Master and Commander: The Far Side of the World is a 2003 American epic period war-drama film co-written, produced and directed by Peter Weir, set during the Napoleonic Wars. The film's plot and characters are adapted from three novels in author Patrick O'Brian's Aubrey–Maturin series, which includes 20 completed novels of Jack Aubrey's naval career. The film stars Russell Crowe as Aubrey, captain in the Royal Navy, and Paul Bettany as Dr. Stephen Maturin, the ship's surgeon. This is the second onscreen collaboration for Crowe and Bettany, both of whom previously co-starred in 2001’s A Beautiful Mind.

The film was a personal project of Fox executive Tom Rothman, who recruited Weir to helm the project. Filming took place on the open sea, on replica ships in the water tanks of Baja Studios, and on the Galápagos Islands. The film, which cost $150 million to make, was a co-production of 20th Century Fox, Miramax Films, Universal Pictures, and Samuel Goldwyn Films, and released on November 14, 2003. It was a moderate success at the box office, grossing $212 million worldwide.
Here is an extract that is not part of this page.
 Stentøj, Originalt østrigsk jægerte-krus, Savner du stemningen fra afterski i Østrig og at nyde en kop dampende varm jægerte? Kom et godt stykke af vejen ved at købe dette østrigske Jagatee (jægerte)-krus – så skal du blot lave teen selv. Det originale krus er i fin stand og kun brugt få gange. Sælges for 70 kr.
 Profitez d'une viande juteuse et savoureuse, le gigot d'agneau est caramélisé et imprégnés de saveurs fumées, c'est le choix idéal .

The film was critically well received and garnered Weir the BAFTA Award for Best Direction. At the 76th Academy Awards, the film was nominated for 10 Oscars, including Best Picture and Best Director. It won Best Cinematography and Best Sound Editing, but the rest of the categories were swept by The Lord of the Rings: The Return of the King. In June 2021, a prequel film was announced to be in active development.

Plot
During the Napoleonic Wars, Captain Jack Aubrey of HMS Surprise is ordered to intercept the heavy frigate Acheron, a French privateer. Acheron ambushes Surprise off the coast of Brazil, causing heavy damage while remaining undamaged by the British guns. The ship's boats tow Surprise into a fog bank to evade pursuit. Aubrey's officers tell him that Surprise is no match for Acheron, and that they should abandon the chase. Aubrey responds that Acheron must not be allowed to plunder the British whaling fleet and orders Surprise refitted at sea, rather than a lengthy return to port for repairs. Midshipman Blakeney has his arm amputated due to injuries sustained in battle. Shortly afterward, Acheron again ambushes Surprise, but Aubrey slips away in the night by using a decoy raft and ship's lamps.
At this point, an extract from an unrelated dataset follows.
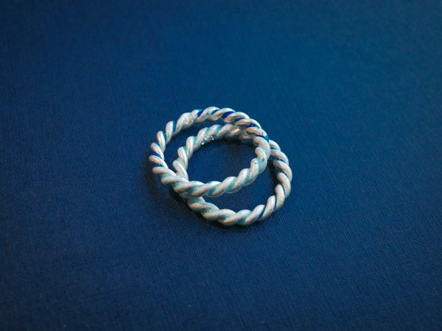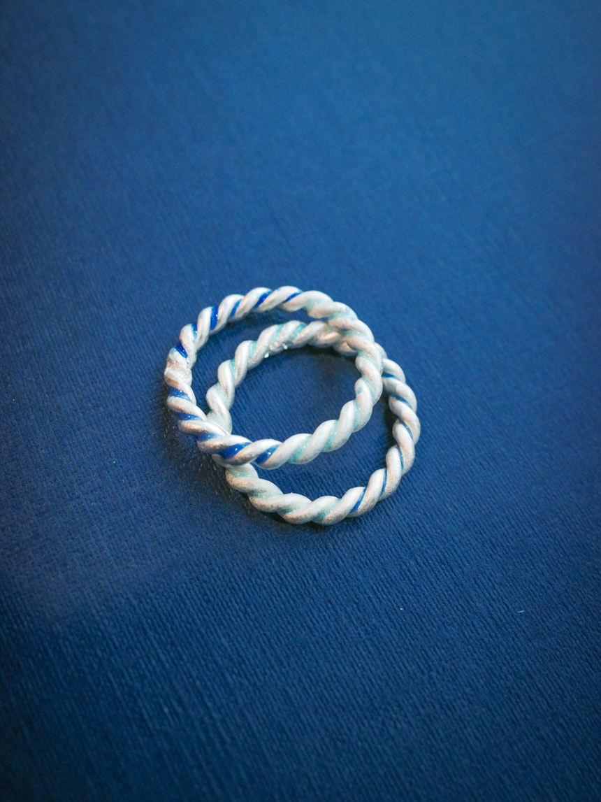 순은으로 꼬인 반지에 칠보로 두 가지 컬러를 낸 반지

Following the privateer south, Surprise rounds Cape Horn and heads to the Galápagos Islands, where Aubrey is convinced that Acheron will prey on Britain's whaling fleet. The ship's surgeon, Stephen Maturin, is interested in the islands' unique flora and fauna, and Aubrey promises his friend several days' exploration time. However, when Surprise reaches the Galápagos, they recover the survivors of a whaling ship destroyed by Acheron. Aubrey hastily pursues the privateer, dashing Maturin's expectation of more time to explore.
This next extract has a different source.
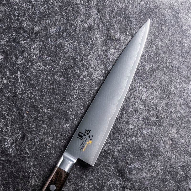鎌倉時代に九州から現在の岐阜県関市(美濃)に移り住んだ刀鍛冶が、良質の土、水、炭に恵まれたこの地域で、刀剣作りをはじめたのが関鍛冶(Seki-Kaji)の起源です。多くの名刀が生まれましたが、名匠「関の孫六」(Seki-no-Magoroku)は独特の作刀を工夫し、美しく芸術性の高い、切れ味の抜群な最上の業物を世に送り出しました。江戸から明治と時代は変遷し、関の刀匠たちの多くが家庭用刃物の製造へと転業しました。関の刀剣が「折れず曲がらず、よく切れる」と称賛された信念は、現代の刃物作りにもしっかりと受け継がれています。「関孫六」シリーズの銘は27代目兼元、刀匠金子孫六氏によるもので、匠の技を生かしながら、その切れ味を現代に伝えています。

Surprise is becalmed for several days. The crew becomes restless and disorderly, and superstition begins to take hold among them. Midshipman Hollom, already unpopular with the crew, is named a "Jonah" by the sailors (someone who brings bad luck to a ship). As the tension rises, crew member Nagle deliberately bumps shoulders with Hollom as he passes him on the deck and is flogged for insubordination. That night, Hollom commits suicide by jumping overboard with a cannonball; Aubrey holds a service for Hollom the next morning. The wind picks up again, and Surprise resumes the chase.

The next day, Royal Marine officer Captain Howard attempts to shoot an albatross but accidentally hits Maturin instead. The surgeon's mate informs Aubrey that unless the bullet and a piece of cloth it took with it are removed soon, they will fester. He also recommends the delicate operation be performed on land. Despite closing on Acheron, Aubrey takes the doctor back to the Galápagos. Maturin performs surgery on himself using a mirror. Finally giving up the pursuit of the privateer, Aubrey grants Maturin the chance to explore the Galápagos Islands and gather specimens before they head for home. While looking for a species of flightless cormorant, the doctor discovers Acheron on the other side of the island. Maturin abandons most of his specimens and hurries to warn Aubrey. Surprise readies for battle once more. Due to Acherons stronger hull, Surprise must be at close quarters to damage her. After observing the camouflage ability of one of Maturin's specimens, Aubrey disguises Surprise as a whaling ship; he hopes the French will be lured in to capture the valuable ship rather than destroy it. Acheron falls for the disguise, and Surprise launches her attack. With the back wheels of the cannons taken off, the cannons are angled upward and fire upon Acherons mainmast while Captain Howard's Marine sharpshooters pick off the crew of Acheron from above. Acheron is disabled when the mainmast snaps and falls into the sea. Aubrey leads boarding parties, engaging in fierce hand-to-hand combat. Upon capturing the ship, Aubrey is informed by the ship's doctor that the French captain is dead and is given the Captain's sword.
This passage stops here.